Analisar nossos relacionamentos abusivos não é revisitar o passado gratuitamente.

É uma oportunidade de transformar nossos padrões de comportamento, levando-nos a atrair relações amorosas e afetivas mais saudáveis. Não mais dentro do sistema de codependência do qual falei no outro post. Lembrando que, sempre que possível, é aconselhável que esse processo seja acompanhado por profissionais. Pessoas aptas a nos dar o suporte adequado nessa jornada de autoconhecimento.

Quase sempre nós temos um papel que nos prende às relações tóxicas. Ele não é consciente e nem nos transforma em culpados. É importante dizer que nosso intuito aqui não é apontar vítimas ou culpados. Quero mais é fortalecer o senso de autorresponsabilidade, que coloca em nossas mãos a capacidade de reassumir as rédeas de nossas próprias vida, com segurança e autoconfiança. Quando nos damos conta disso, temos a oportunidade de repensar todo nosso processo de desenvolvimento pessoal. E nos colocamos em um lugar de protagonismo e liderança de nós mesmas.

A verdade é que quando descobrimos o que nos fez passar por isso, passamos a poder cuidar da nossa autoestima de perto.

ilustra: Ju Ali

Nos possibilitando uma jornada de autoconhecimento que trabalha nossa autoconfiança, autovalorização e tantas outras percepções equivocadas que costumamos nutrir sobre nós mesmas nas relações tóxicas.

Por outro lado, quando tentamos fechar os olhos para as feridas do passado, elas permanecem abertas dentro de nós. Dessa forma, tenderemos a repetir as situações que tanto queremos evitar. Ou então espelharemos as mágoas e dores, causadas pelas feridas antigas, nas novas relações. Ou, ainda, fechamo-nos completamente para novas experiências, com medo de que aquilo que nos fez sofrer aconteça novamente.

Consegue compreender como perdoar sempre é, e sempre será, sobre nós? A consequência de não perdoar o outro pesa em nós. Em continuar mantendo uma ferida aberta, sendo que a dor que isso causa é nossa!

Perdoar, nesse caso, não é um presente pra parte abusadora. nem mesmo cria espaço pra essa pessoa na sua vida. Perdoar o outro é cicatrizar todas as feridas dentro de nós.

>>>>> Ouça também: Perdoar pra quê, do Mamilos Podcast. <<<<<<

Perdoar não é premiar o passado, é trazer paz. 

Já que estamos falando sobre nós, muitas vezes, a pessoa que mais precisamos perdoar nessa história somos nós mesmas. O autoperdão tem um papel curativo fundamental em nossas vidas. É ele que permitirá que nós nos acolhamos com amor, compreendendo que não temos que nos culpar, nem nos punir pelas histórias de sofrimento em que vivemos. O autoperdão nos faz lembrar de que somos dignas e merecedoras de amor e coisas boas.
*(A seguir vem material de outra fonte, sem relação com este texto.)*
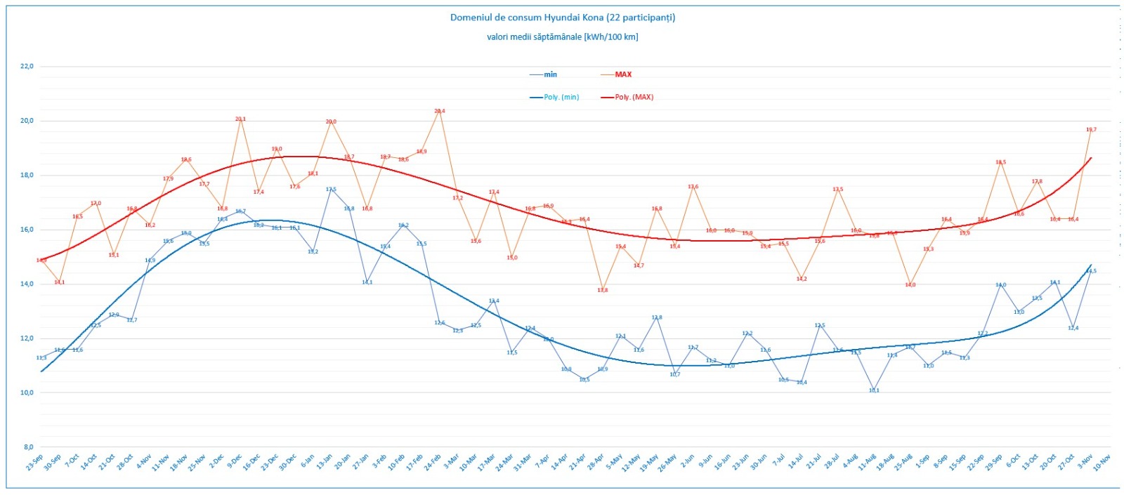 O săptămână mai răcoroasă care ne duce spre o medie de consum mai mare. Sub 1.000 km parcurși de cele trei echipaje din subgrupa noilor #konițe, cu o medie ponderată de consum de 16.5 kWh/100 km, destul de bine peste precedenta raportare.
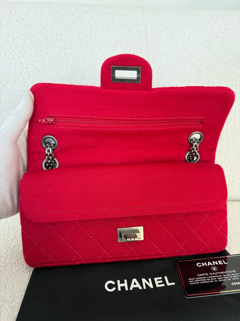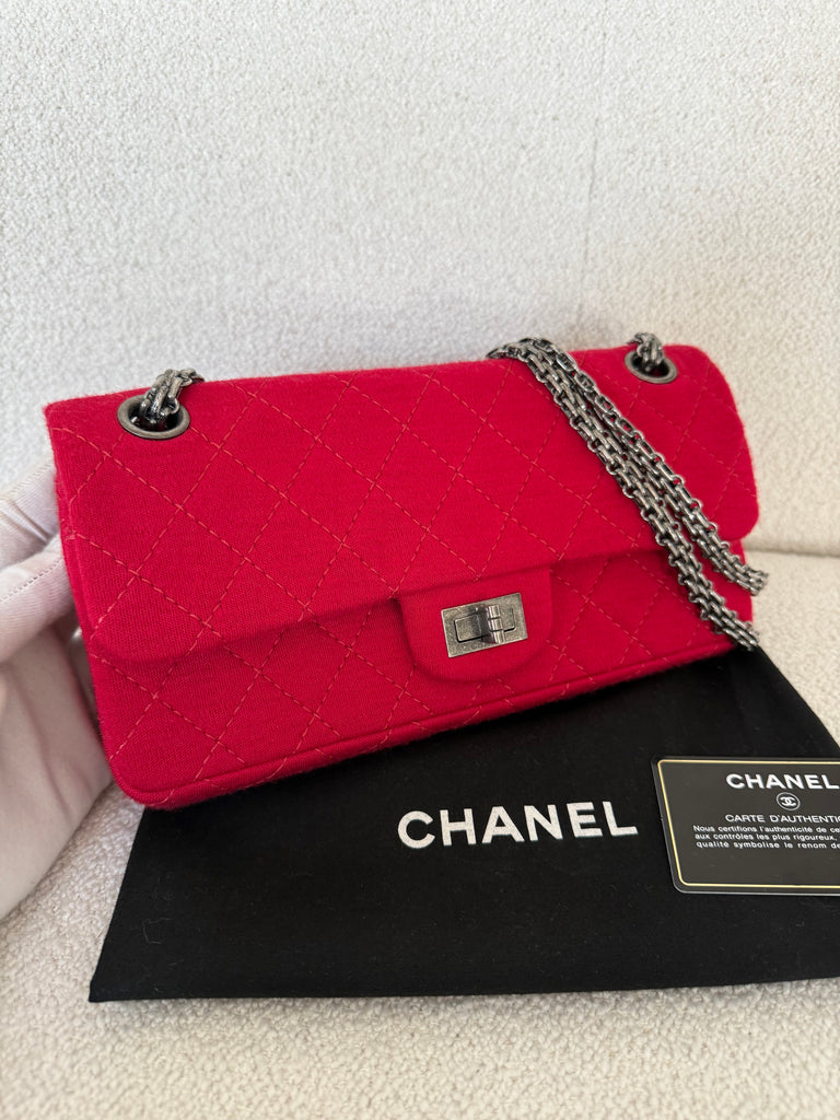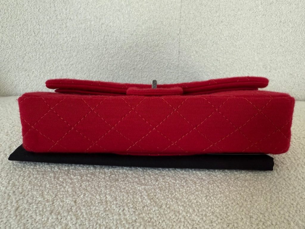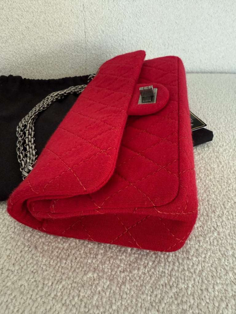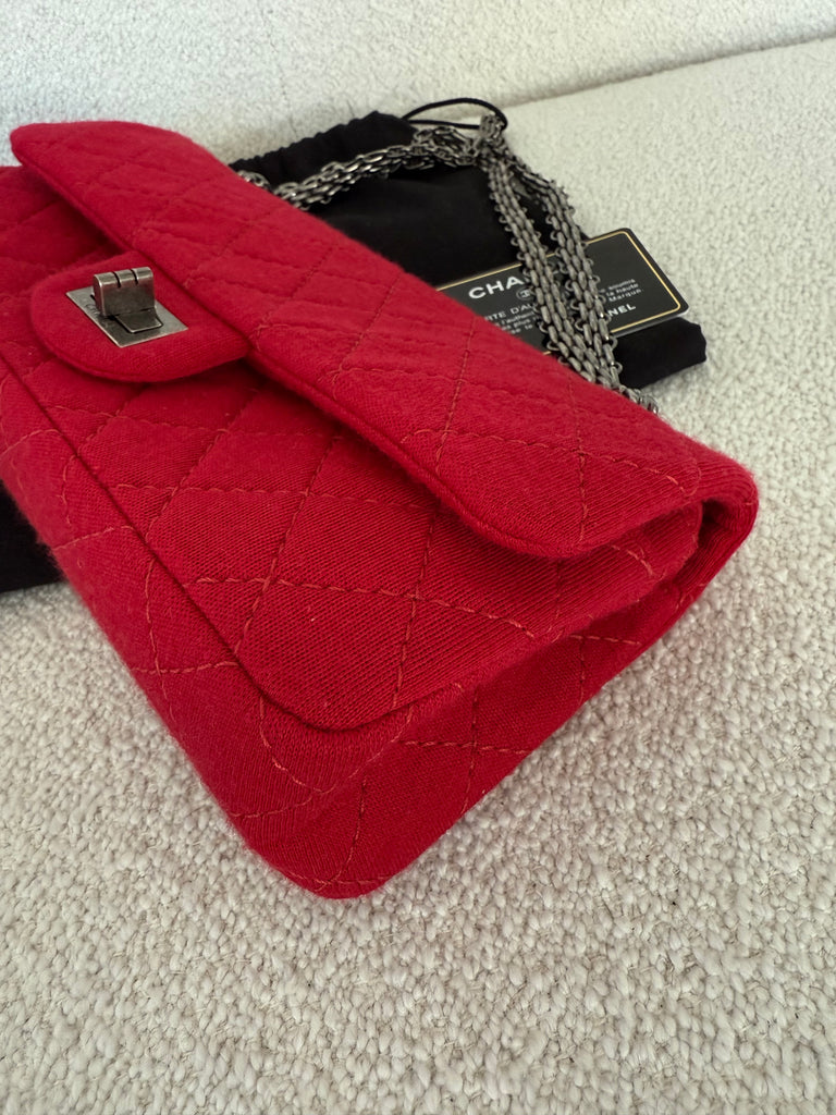 Borsa a spalla Chanel modello 2.55 Reissue in jersey color rosso e dettagli metallici rutenio.

Quando conseguimos perdoar, a nós mesmas e aos outros, desatamos o nó energético que nos prende ao passado. Nos abrimos para novas histórias e experiências. Deixamos de ser reféns do que aconteceu e começamos a reescrever uma nova história para nossas vidas, honrando os ensinamentos de Carl Gustav Jung que disse: “Eu não sou o que aconteceu comigo. Eu sou o que escolho me tornar”. Assim, nós nos tornamos capazes de seguir em frente com a leveza, a liberdade emocional e a paz que tanto queremos e merecemos.

Então, se você se sentir preparada e conseguir, deixe ir, cuide de você. Abra-se para as infinitas possibilidades que você pode construir com o seu amor.

Você merece ser feliz. Você merece ser amada. E principalmente, você merece o seu próprio amor. Nossa responsabilidade de melhora é conosco. Não temos o poder de mudar o outro, só ele tem. Podemos nos dar quantas chances quisermos de nos transformarmos e mudarmos nossos padrões. O perdão é não é um prêmio pra quem errou, é um presente para nós mesmas. Perdoar não é fácil, não é obrigatório e nem mesmo simples, mas é libertador.